▸ ACTION ITEM: When you transcribe the data below, reproduce every line exactly and leave each picture out.

▸ COLLECTED MATERIAL:
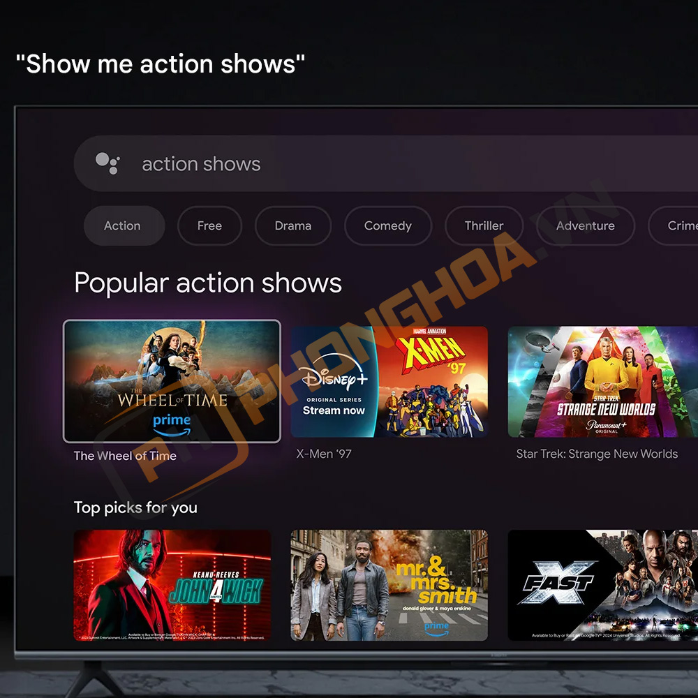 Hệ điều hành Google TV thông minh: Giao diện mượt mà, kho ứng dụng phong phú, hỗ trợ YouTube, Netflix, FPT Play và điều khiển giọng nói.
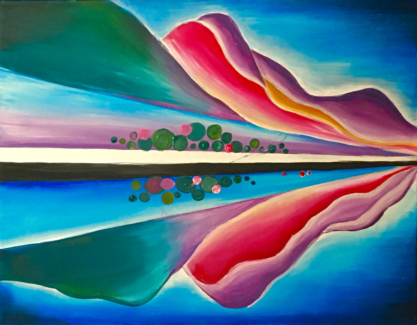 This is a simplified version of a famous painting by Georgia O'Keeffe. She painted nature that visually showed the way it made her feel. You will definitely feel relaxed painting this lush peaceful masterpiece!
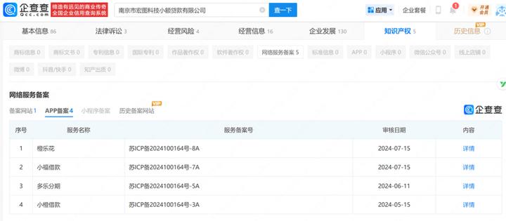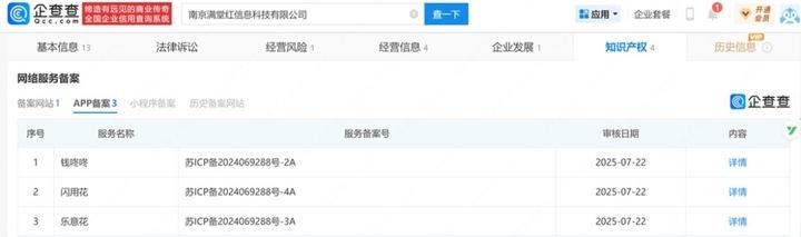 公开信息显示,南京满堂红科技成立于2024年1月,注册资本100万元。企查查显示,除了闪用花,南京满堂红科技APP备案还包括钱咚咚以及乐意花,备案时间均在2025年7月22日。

▸ EXERCISE SOLUTION:
 Hệ điều hành Google TV thông minh: Giao diện mượt mà, kho ứng dụng phong phú, hỗ trợ YouTube, Netflix, FPT Play và điều khiển giọng nói.
 This is a simplified version of a famous painting by Georgia O'Keeffe. She painted nature that visually showed the way it made her feel. You will definitely feel relaxed painting this lush peaceful masterpiece!
 公开信息显示,南京满堂红科技成立于2024年1月,注册资本100万元。企查查显示,除了闪用花,南京满堂红科技APP备案还包括钱咚咚以及乐意花,备案时间均在2025年7月22日。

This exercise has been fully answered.